### [Task instructions]
When you repeat the entries, reproduce each line exactly and omit every picture.

### [Data records]
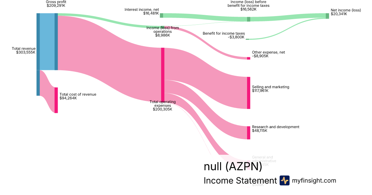 For the quarter ending 2024-12-31, AZPN made $303,555K in revenue. $20,341K in net income. Net profit margin of 6.70%.
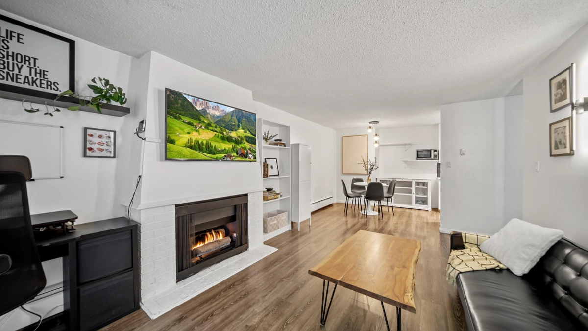 Updated 1bed home with a RARE 428 SQFT PRIVATE PATIO in Burnaby’s sought-after Capitol Hill. Renovated KITCHEN w/ stainless appliances and counters flow into spacious dining + living area with a cozy FIREPLACE. Large bdrm can comfortably fit king-size bed & includes a WALK-IN CLOSET w/ custom shelving. Renovated BATHROOM features stylish finishes & double-sink. Step outside to your FENCED OUTDOOR SPACE w/ garden and fountain - ideal for summer entertaining, gardening, or pets. Well-maintained building with shared laundry, underground parking and storage included. PRIME LOCATION just minutes to HOLDOM SKYTRAIN, BRENTWOOD MALL, Burnaby Heights, parks, trails, shops and restaurants. Move-in ready with the indoor comfort and outdoor lifestyle buyers are looking for.
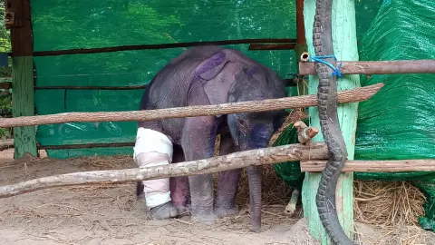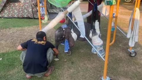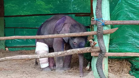 ทีมสัตวแพทย์ฯ เตรียมใส่เฝือกรักษา "น้องเดือน" ลูกช้างป่าพลัดหลง
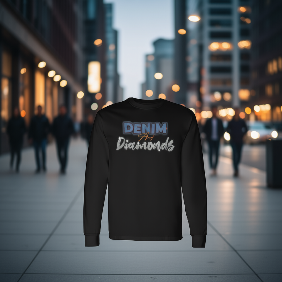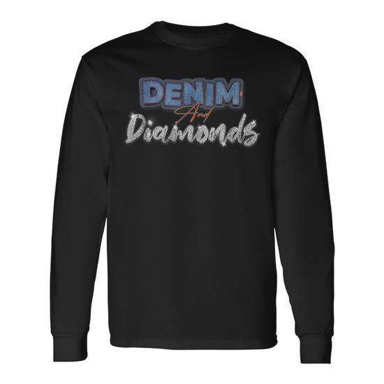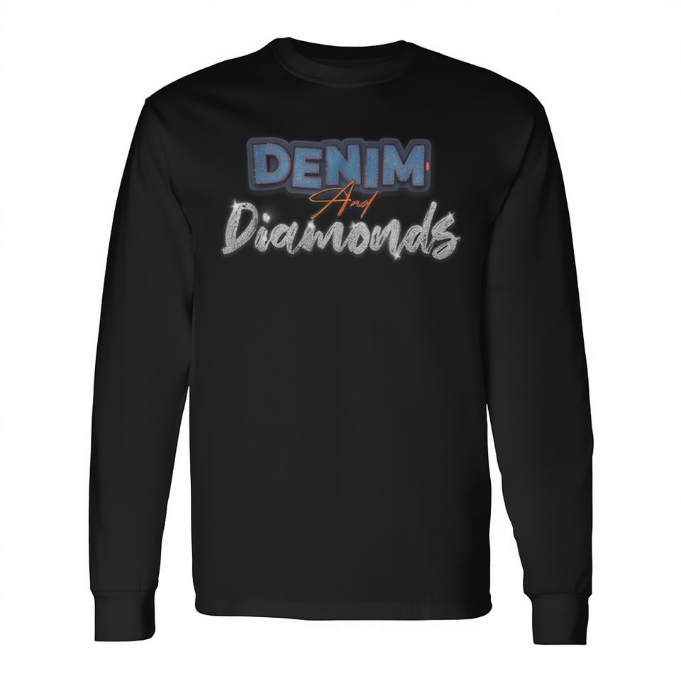 T-shirt a maniche lunghe Denim And Diamonds in cotone nero con grafica alla moda
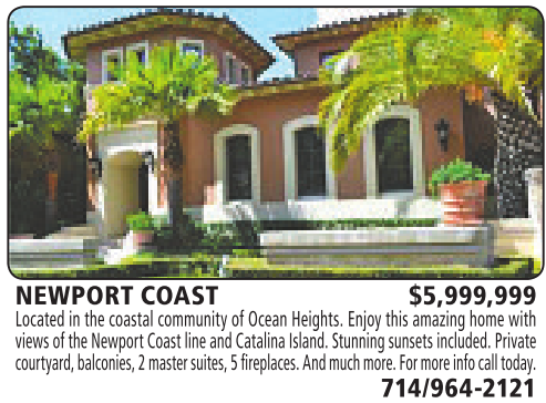 NEWPORT COAST $5,999,999 Located in the coastal community ofOcean Heights. Enjoy this amazing home with viewsofthe NewportCoast line andCatalinaIsland.Stunningsunsetsincluded. Private courtyard,balconies, 2master suites, 5fireplaces. Andmuch more.For more infocalltoday. 714/964-2121
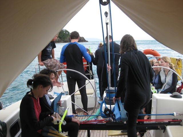 Neben dem Segeln waren wir auch ein drei mal an verschiedenen Riffen Schnorcheln. Leider hat man wegen dem vielen Regen (ja, es ist immer noch Regenzeit hier) nicht sehr weit gesehen (2-3m). Für die Riffe und ein paar bunte Fische hat es aber gereicht. Einer aus unserer Gruppe hat sogar einen kleinen Riffhai (1,2m) gesehen. Ich bin ganz froh, dass ich bisher noch keine Bekanntschaft mit den Raubfischen gemacht habe. Gegen die Stinger-Quallen und verschiedene andere giftige Viecher mussten wir immer Stinger-Suits anhaben, wenn wir ins Wasser gehen wollten. Das war etwas nervig, aber Sicherheit geht vor.
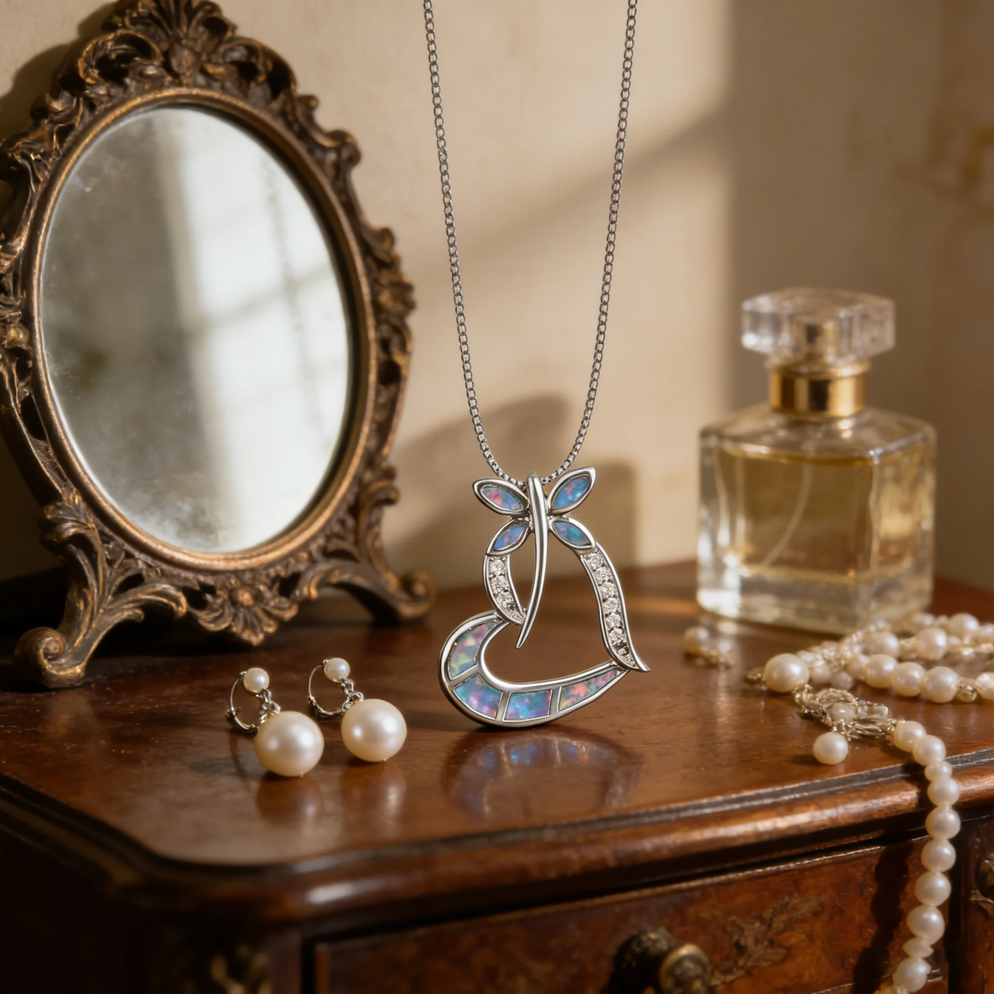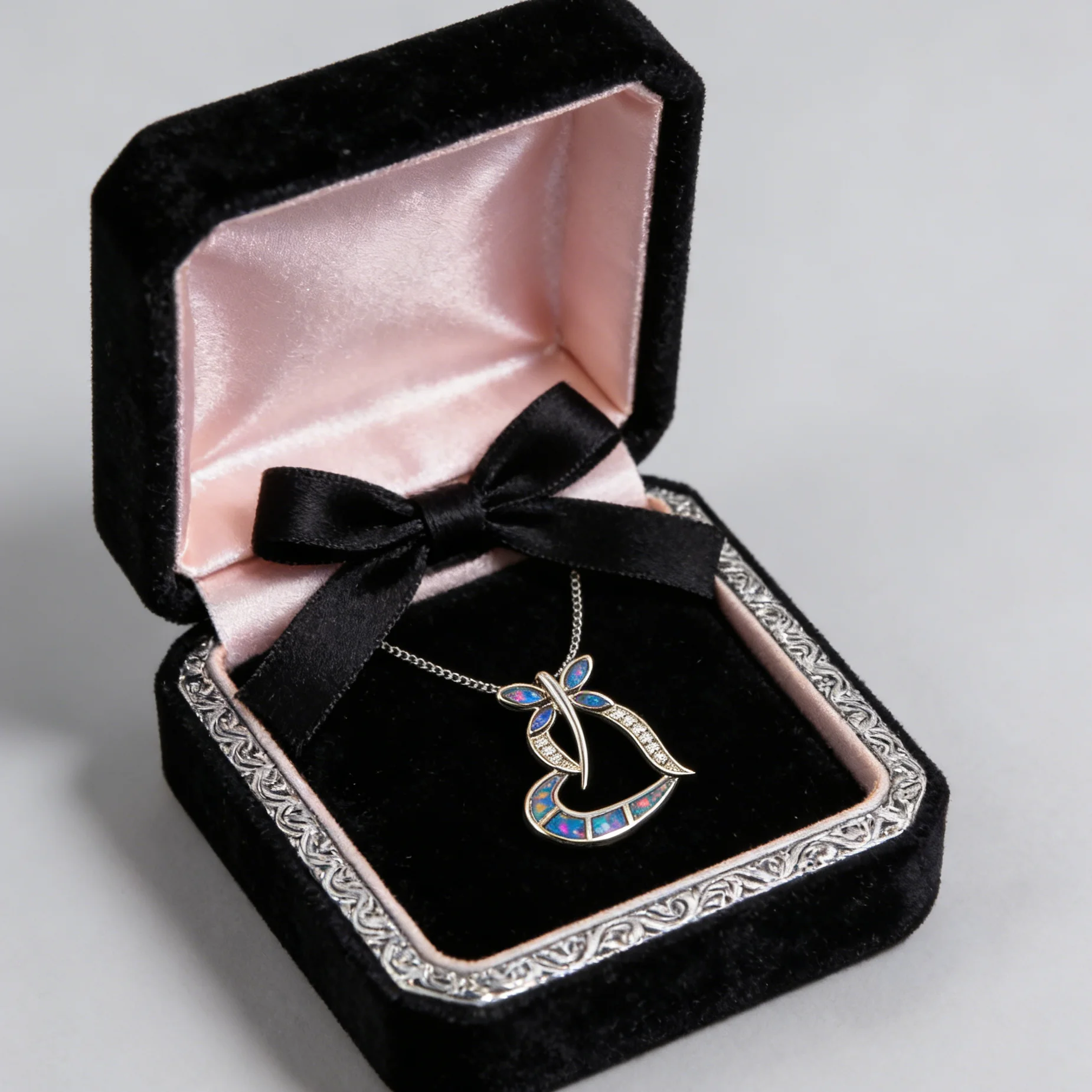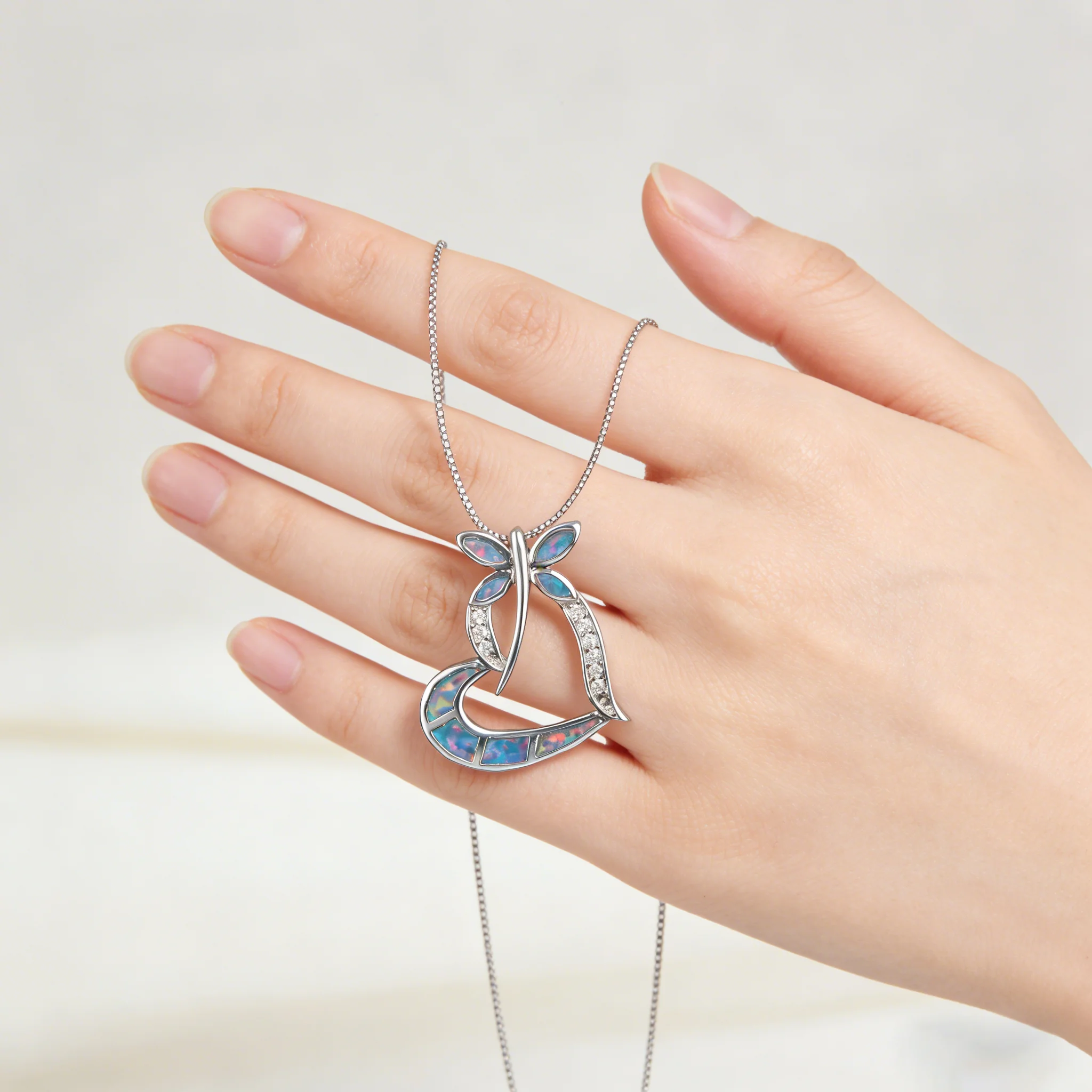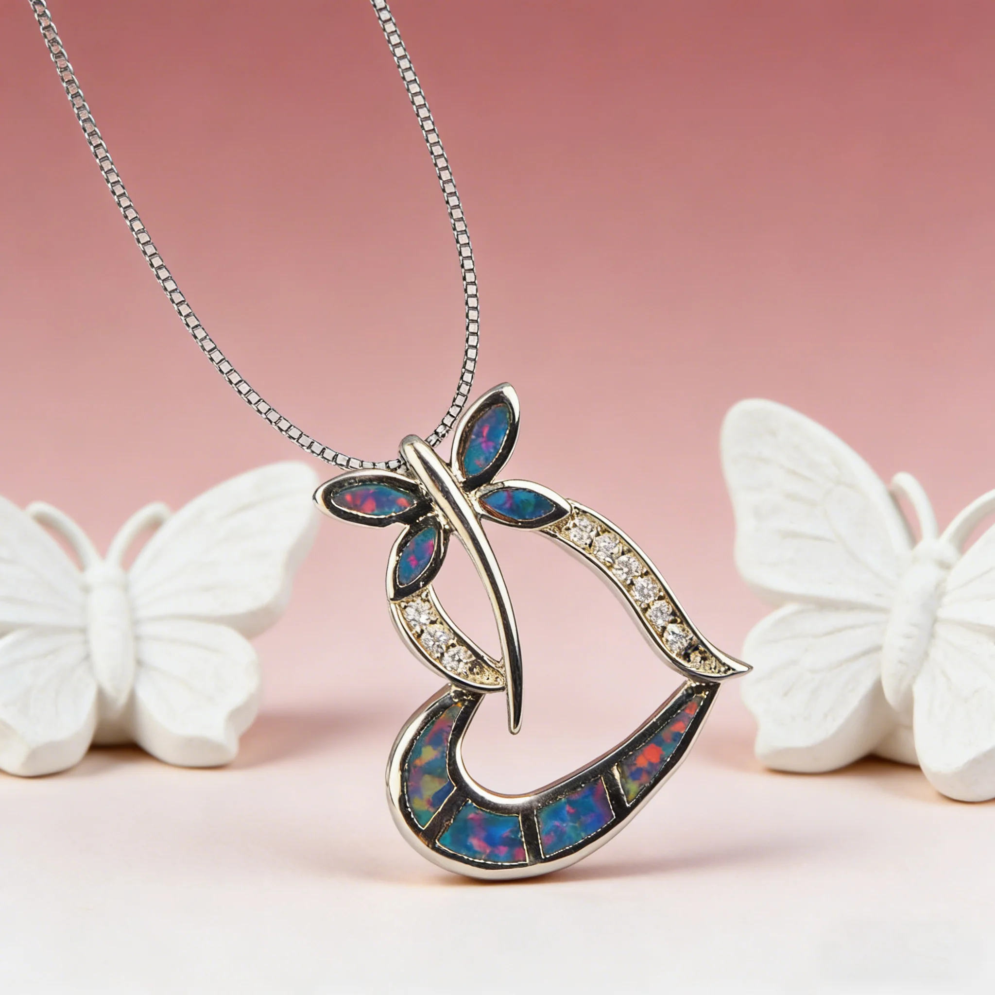 Crafted with a heart-shaped opal, this pendant offers an iridescent glow that catches the eye and captivates the heart.
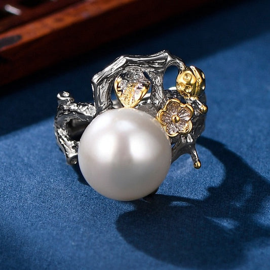 Daisy 925 antiqued silver ring with Chalcedony stone

### [Result for this task]
 For the quarter ending 2024-12-31, AZPN made $303,555K in revenue. $20,341K in net income. Net profit margin of 6.70%.
 Updated 1bed home with a RARE 428 SQFT PRIVATE PATIO in Burnaby’s sought-after Capitol Hill. Renovated KITCHEN w/ stainless appliances and counters flow into spacious dining + living area with a cozy FIREPLACE. Large bdrm can comfortably fit king-size bed & includes a WALK-IN CLOSET w/ custom shelving. Renovated BATHROOM features stylish finishes & double-sink. Step outside to your FENCED OUTDOOR SPACE w/ garden and fountain - ideal for summer entertaining, gardening, or pets. Well-maintained building with shared laundry, underground parking and storage included. PRIME LOCATION just minutes to HOLDOM SKYTRAIN, BRENTWOOD MALL, Burnaby Heights, parks, trails, shops and restaurants. Move-in ready with the indoor comfort and outdoor lifestyle buyers are looking for.
 ทีมสัตวแพทย์ฯ เตรียมใส่เฝือกรักษา "น้องเดือน" ลูกช้างป่าพลัดหลง
 T-shirt a maniche lunghe Denim And Diamonds in cotone nero con grafica alla moda
 NEWPORT COAST $5,999,999 Located in the coastal community ofOcean Heights. Enjoy this amazing home with viewsofthe NewportCoast line andCatalinaIsland.Stunningsunsetsincluded. Private courtyard,balconies, 2master suites, 5fireplaces. Andmuch more.For more infocalltoday. 714/964-2121
 Neben dem Segeln waren wir auch ein drei mal an verschiedenen Riffen Schnorcheln. Leider hat man wegen dem vielen Regen (ja, es ist immer noch Regenzeit hier) nicht sehr weit gesehen (2-3m). Für die Riffe und ein paar bunte Fische hat es aber gereicht. Einer aus unserer Gruppe hat sogar einen kleinen Riffhai (1,2m) gesehen. Ich bin ganz froh, dass ich bisher noch keine Bekanntschaft mit den Raubfischen gemacht habe. Gegen die Stinger-Quallen und verschiedene andere giftige Viecher mussten wir immer Stinger-Suits anhaben, wenn wir ins Wasser gehen wollten. Das war etwas nervig, aber Sicherheit geht vor.
 Crafted with a heart-shaped opal, this pendant offers an iridescent glow that catches the eye and captivates the heart.
 Daisy 925 antiqued silver ring with Chalcedony stone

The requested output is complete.